[[ DATA EXCERPTS open ]]
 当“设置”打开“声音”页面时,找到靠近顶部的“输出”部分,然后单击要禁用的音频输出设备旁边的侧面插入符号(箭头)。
[[ DATA EXCERPTS closed ]]
[[ DATA EXCERPTS open ]]
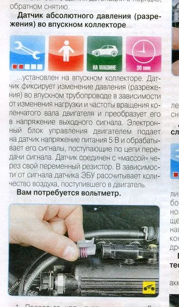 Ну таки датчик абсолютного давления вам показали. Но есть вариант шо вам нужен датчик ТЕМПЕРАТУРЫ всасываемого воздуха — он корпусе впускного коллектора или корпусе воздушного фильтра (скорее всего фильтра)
[[ DATA EXCERPTS closed ]]
[[ DATA EXCERPTS open ]]
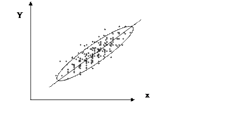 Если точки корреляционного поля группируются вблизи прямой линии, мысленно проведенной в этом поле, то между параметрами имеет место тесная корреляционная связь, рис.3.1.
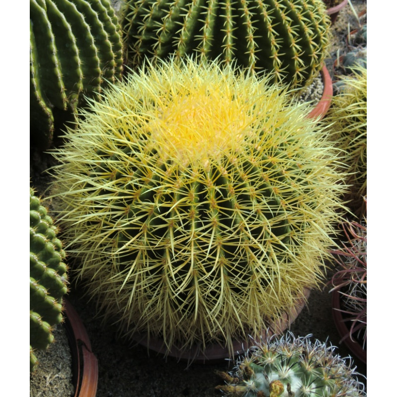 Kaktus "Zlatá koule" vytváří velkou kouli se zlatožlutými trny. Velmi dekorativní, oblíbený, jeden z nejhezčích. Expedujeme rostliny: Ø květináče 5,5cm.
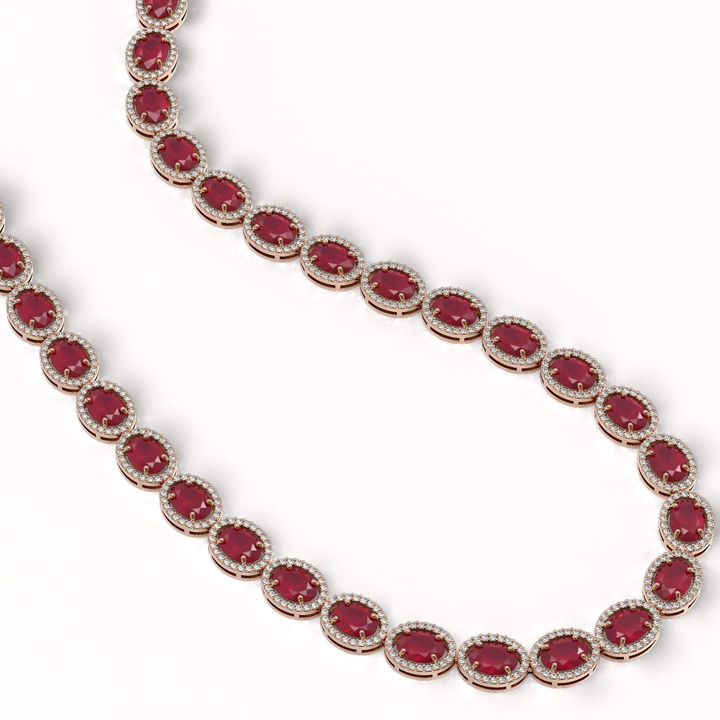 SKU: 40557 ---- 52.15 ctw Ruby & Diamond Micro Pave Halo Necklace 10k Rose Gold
[[ DATA EXCERPTS closed ]]
INSTRUCTIONS FOR THE TASK: In the entries above, find the line with "Ø květináče 5,5cm." and the line with "SKU: 40557 ---- 52.15". Return exactly those lines and all the ones between them, pictures excluded.

RESPONSE AREA:
 Kaktus "Zlatá koule" vytváří velkou kouli se zlatožlutými trny. Velmi dekorativní, oblíbený, jeden z nejhezčích. Expedujeme rostliny: Ø květináče 5,5cm.
 SKU: 40557 ---- 52.15 ctw Ruby & Diamond Micro Pave Halo Necklace 10k Rose Gold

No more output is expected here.